When we dig deeper into the skills shortage, we find 93% of the mid-market are experiencing tech skills shortages, with 56% significantly impacted. And the answer? Nearly half the organisations are using external consultants or contractors. The areas of shortage are no surprise: data science, AI, and cyber are all up there, but what interested me is that nobody mentioned the CIO. Neither tech nor business. Perhaps not surprising, as the survey was undertaken with tech leaders, but it does surprise me that the business didn’t identify the lack of a strategic CIO as an issue.
I believe that the ongoing dissonance between the business and tech functions is a relatively simple solution and the solution would also fix many of the issues being faced by mid-market businesses. Hire a business-savvy CIO. Hire somebody who can see through the lens of the business and apply technology to it. But CIOs like that are very expensive, which is often the blocker.

The Mid-Market Report reveals the strategies that are working and the ones that aren’t.
The case for a business-savvy CIO
A business-savvy CIO will create a strategy that is predicated on the business. That will create a framework that can be used to structure the use of third parties effectively because they will be provided with a clear, unambiguous remit. What do I mean by this?
Without a well-defined, business-centric strategy, any ‘consultant’ who is engaged will apply their own experience and views to the problem in front of them. This means the solution you receive will be theirs, which is not necessarily the best one for you. Which then exacerbates the dissonance again. It’s a cycle of ‘not quite good enough’.
Interestingly, the report also suggests that 97% of mid-market organisations are planning to migrate some or all of their workloads out of the public cloud. Why? Because the lift and shift drive to the cloud simply didn’t work. Another example of a strategy driven by consultants. Ask a cloud consultant the best destination, and guess what? The answer will be cloud.
Again, this smacks of the lack of a business-centric tech strategy, so let’s look at why this comes about. One of the primary reasons is that IT rarely holds a seat on the main Board in the mid-market and so how do they gain access to the real decision-making?
Fair question. Is this a lack of understanding by the business or a lack of capability in tech leaders? That may seem a harsh question, but I think we are at that point where harsh questions are needed. If we are to align on AI adoption, which is another area where the business and tech leaders appear to disagree, we need the business to lead. But we need it to lead with technology at the forefront, and whilst tech leaders are excluded from the board, that is never going to happen.

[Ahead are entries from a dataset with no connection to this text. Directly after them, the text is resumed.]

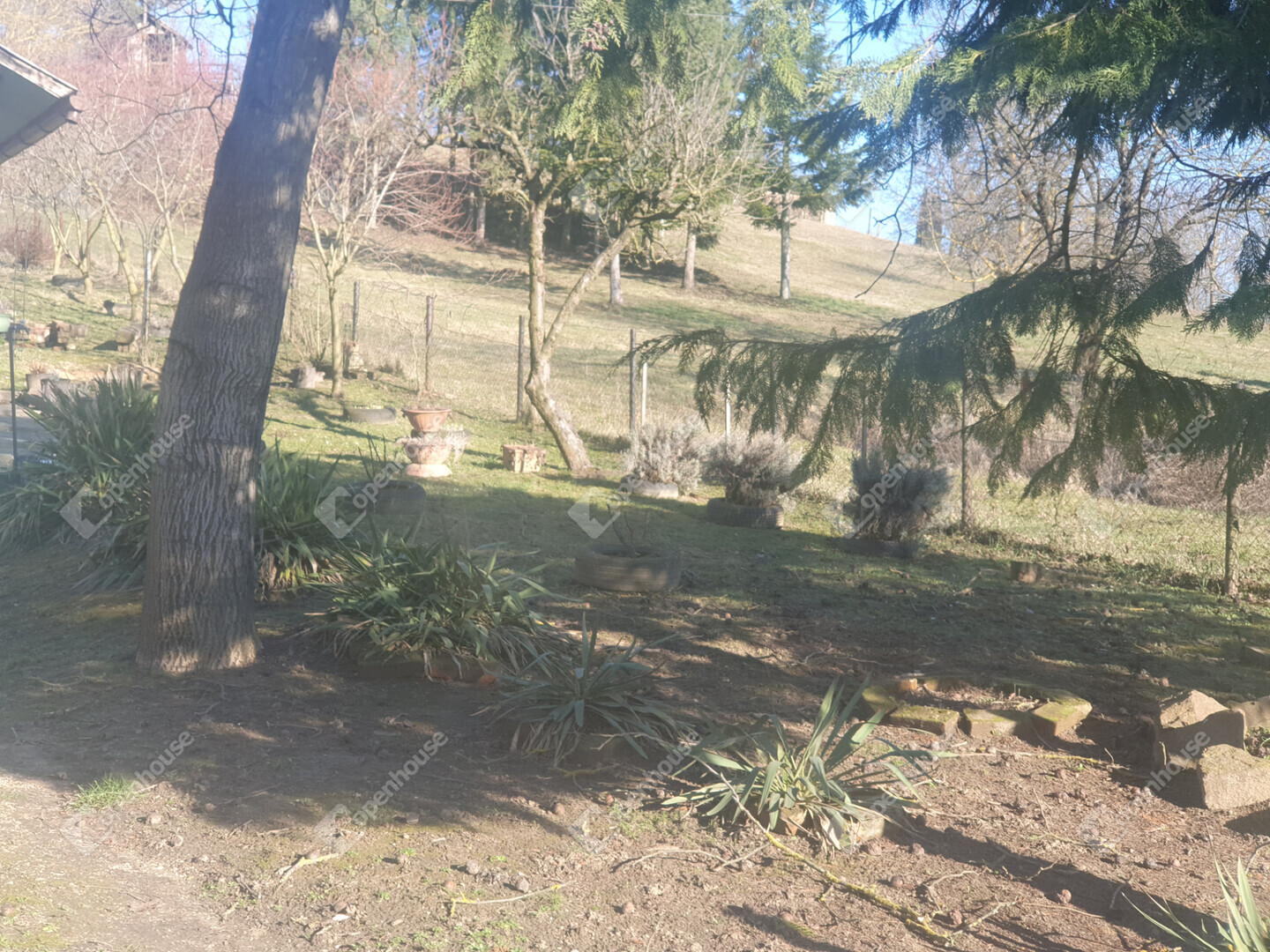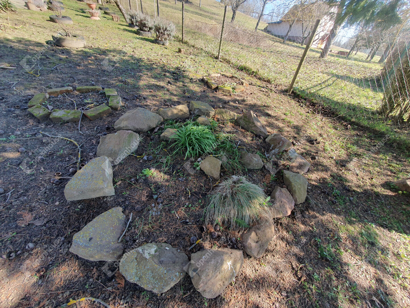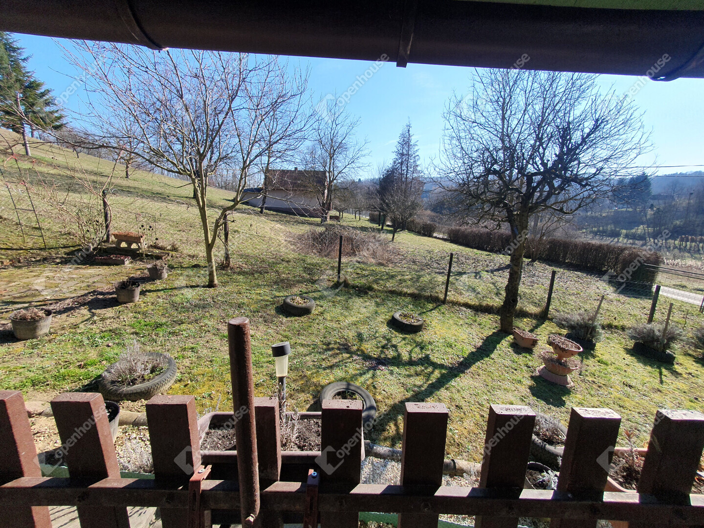 A telek enyhén, kényelmesen emelkedő, a kert végében teraszos kialakítású, felső útra nyíló résszel. A gondosan ápolt kertben számos évelő dísznövény és termő gyümölcsfa található.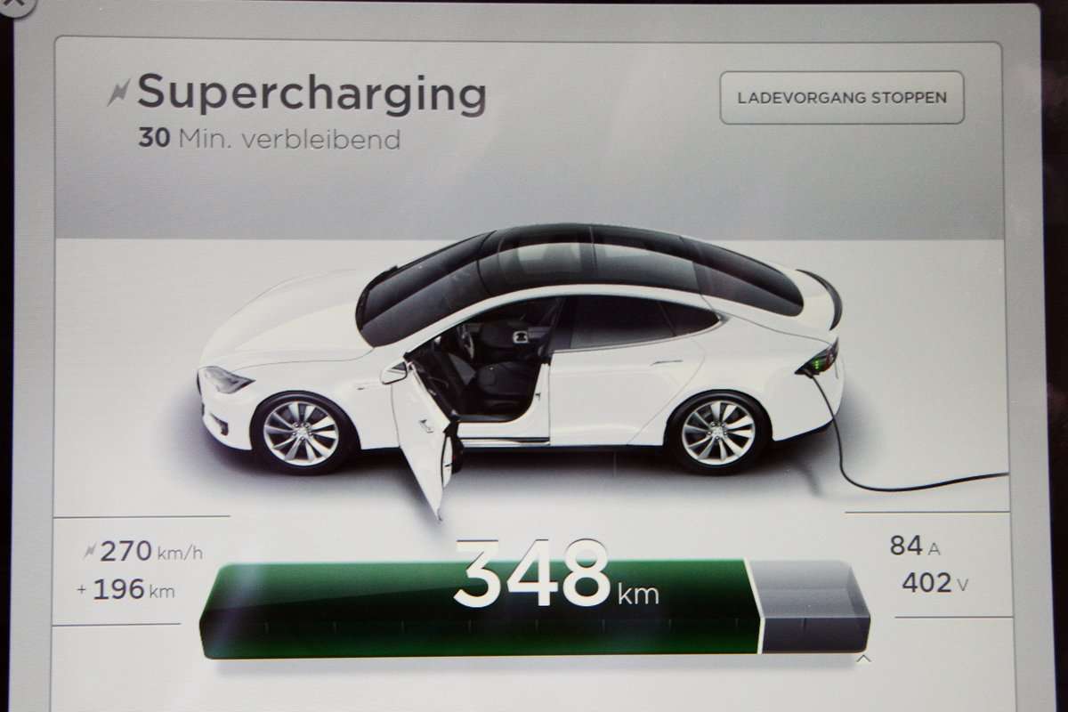 Zur Wahrheit gehört natürlich auch, dass allzu häufiges Ausleben des Beschleunigungs-Wahnsinns die Reichweite enorm reduziert, ein Stromverbrauch von 600 Wattstunden (Wh) je Kilometer ist keine Seltenheit. Die Anpassung an allgemeine Verkehrs-Gepflogenheiten erlaubt jedoch einen Verbrauch von etwa 180 bis 220 Wh pro Kilometer. Der Monitor hilft dabei, den Spaß nicht zu übertreiben. Ein großes Kurvendiagramm zeigt in Echtzeit an, was aus den Zellen gesaugt wird. Bei diesem Test waren es im Schnitt 24 kWh je 100 Kilometer Strecke. Eine solche Reichweite am Supercharger nachzuladen, die Tesla-Fahrer kostenfrei nutzen können, kostet etwa 15 bis 20 Minuten Zeit.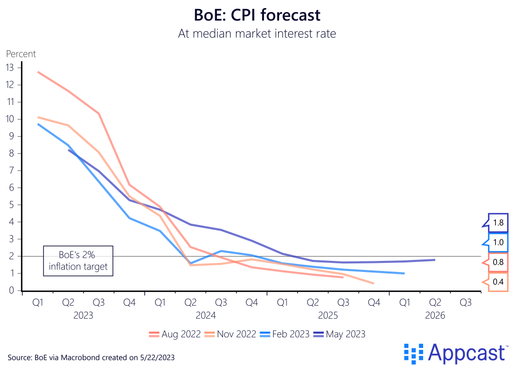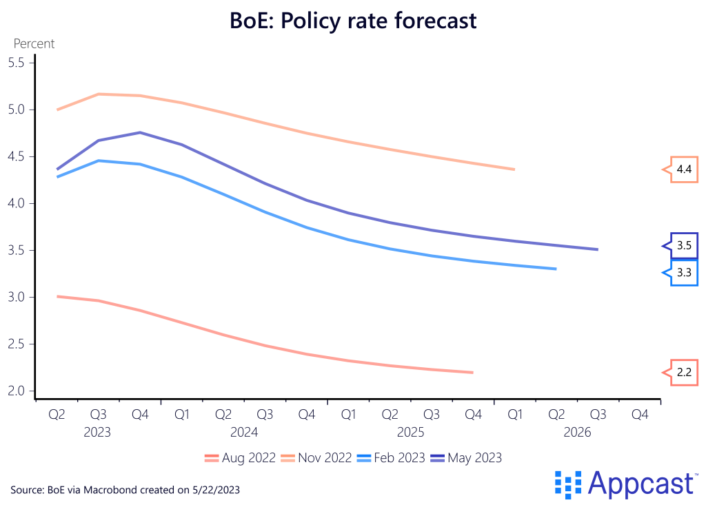 The Bank of England (BoE) hiked their policy rate to 4.5% on May 11 as the U.K. economy continues to suffer from high inflation, with consumer prices rising by more than 10% (annualized rate).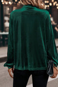 Evergreen Asymmetric Button Keyhole Neck Long Sleeve Velvet Blouse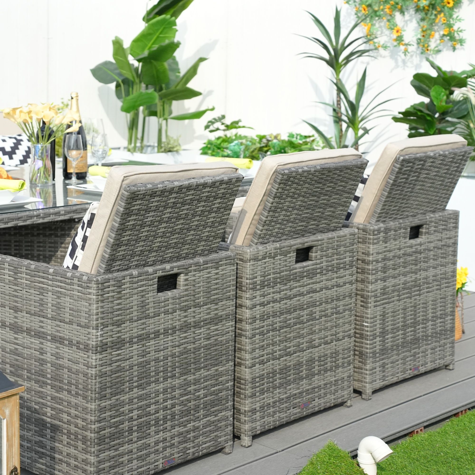 Get the outdoor seating you need with our Direct Wicker Complete 10 Seater Rattan Set. Including 6 chairs; 4 foot stools and a center table; this outdoor furniture set is the perfect option for those that need plenty of seating for casual usage or entertaining outdoors. Crafted with high quality woven water resistant rattan; this set is suitable for varying weather conditions all year round. Modern geometric chairs with matching stools provide complete relaxation for yourself and guests; allowing you to comfortably lounge while outside. With a specialized table base design structure; the furniture pieces seamlessly fit together; allowing for excellent coverage and shielding from the elements when left outdoors for prolonged periods of time. A thick sheet of tempered glass lays across the center table; providing easy cleanup and an ideal surface for entertaining with food and drinks.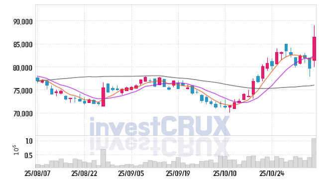 시가 : 81,400원, 고가 : 89,000원, 저가 : 80,000원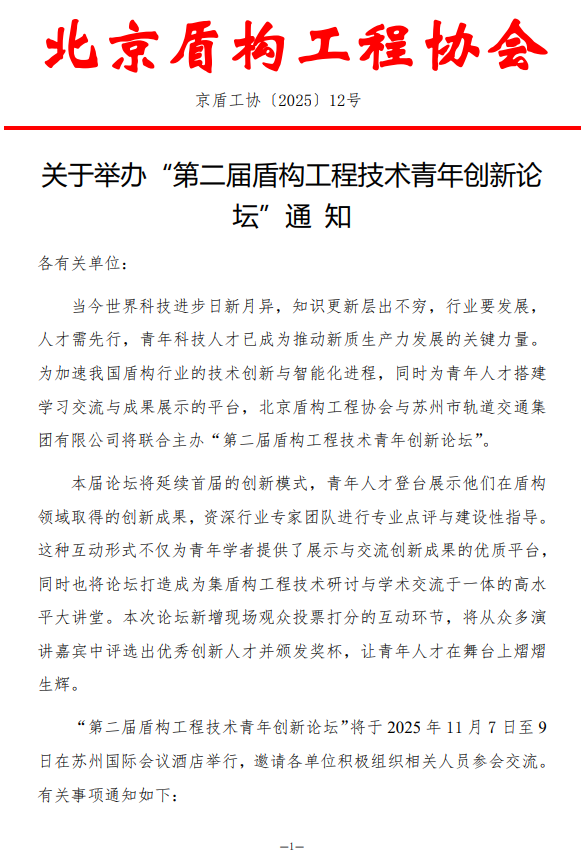摘 要:“第二届盾构工程技术青年创新论坛”将于2025年11月7日至9日在苏州国际会议酒店举行,邀请各单位积极组织相关人员参会交流。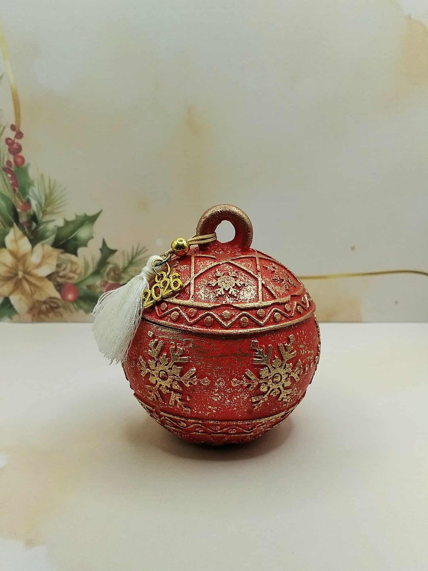 χριστουγενιατικες μπάλα κόκκινο  με χρυσό απο γύψο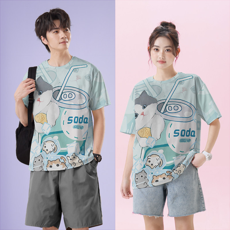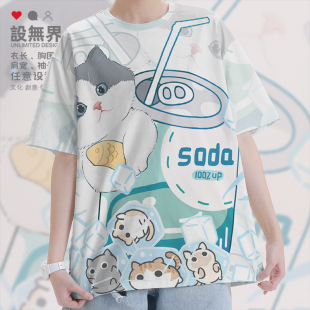 0015设 女装 无界 速干T恤男装 原创可爱蓝白猫咪青柠苏打水卡通大码
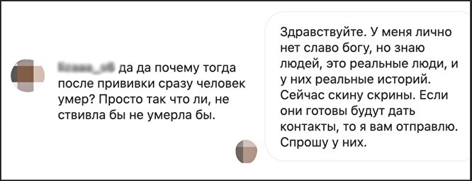 Т., которая тоже писала об умерших в комментариях, сказала, что «лично была знакома» с несколькими скончавшимися после прививки людьми, а некоторые из них — «родственники знакомых» (распространенный случай). Она пообещала уточнить у знакомых, готовы ли они разговаривать (судя по всему, не готовы). В конце переписки со словами «здесь самая актуальная инфа», она скинула ссылку на аккаунт «Иммунный ответ», авторы которого последовательно выступают против вакцинации. У канала 146 тыс. подписчиков.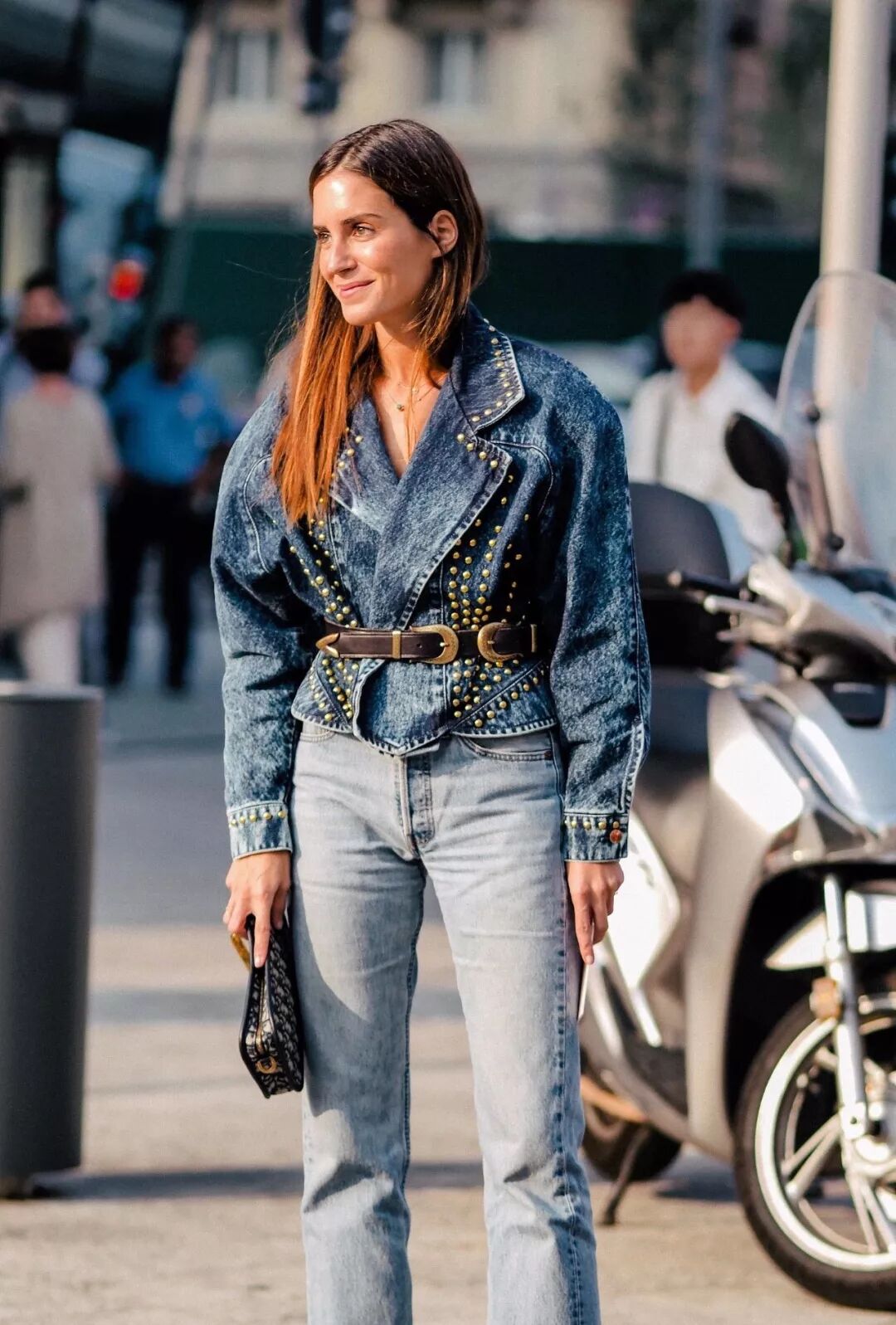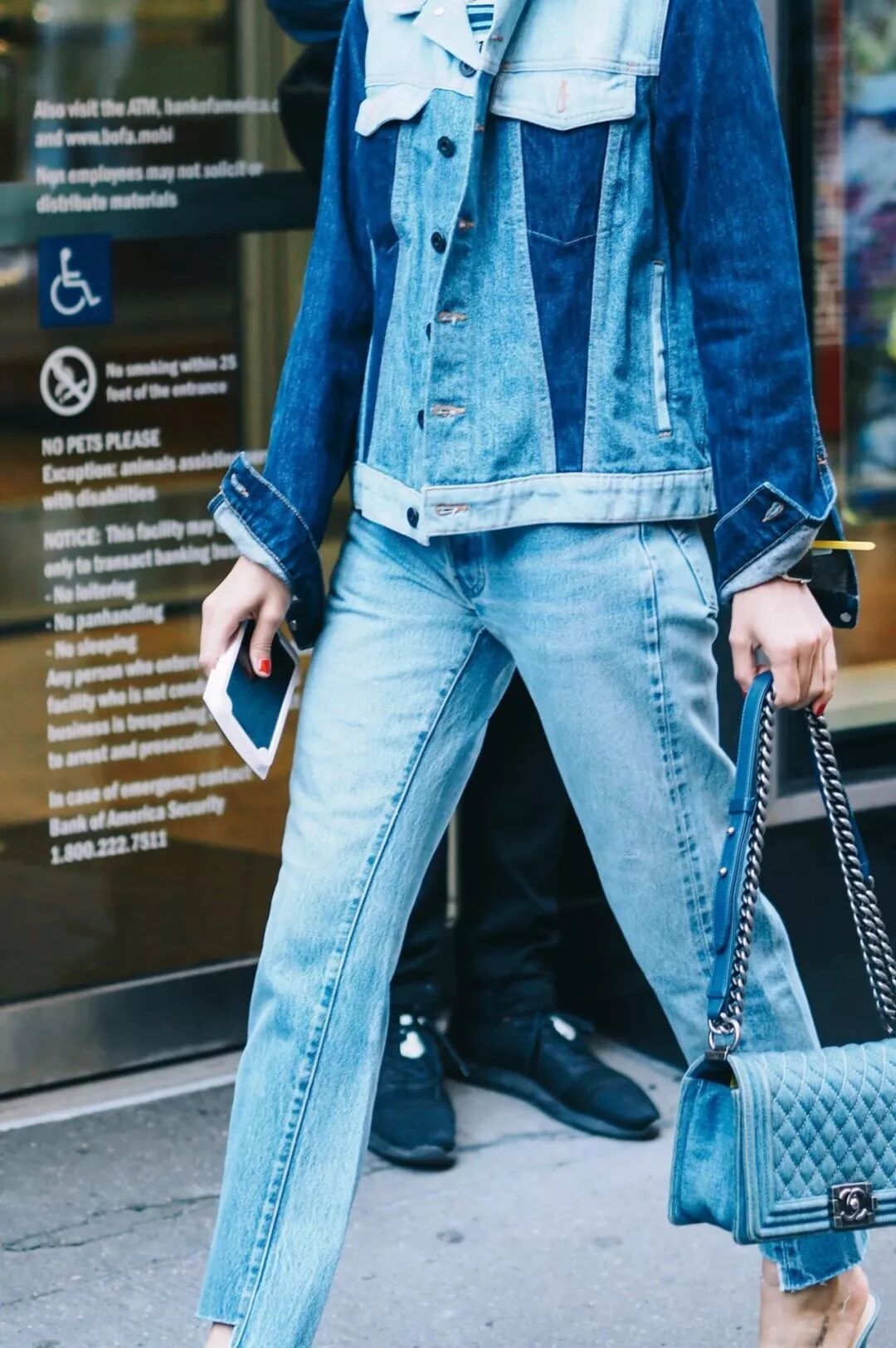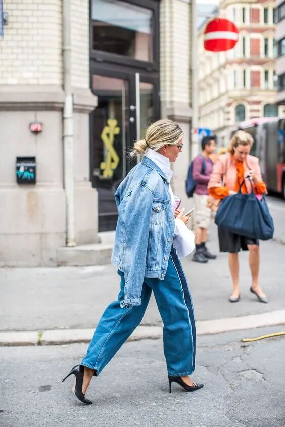 牛仔外套配牛仔内搭;

We constantly hear about the need for business and technology to align, but the 2025 report suggests this is still an issue. We don’t need it to align. Alignment suggests the business decides, and tech follows. We need tech to be embedded in business. To be a fundamental element, as important in the decision-making process as marketing, operations and HR. We don’t need it to be a subsidiary function that reports into either the COO or the CFO and takes orders. This just leads to Chinese Whispers and constantly misfiring projects and misaligned consultants.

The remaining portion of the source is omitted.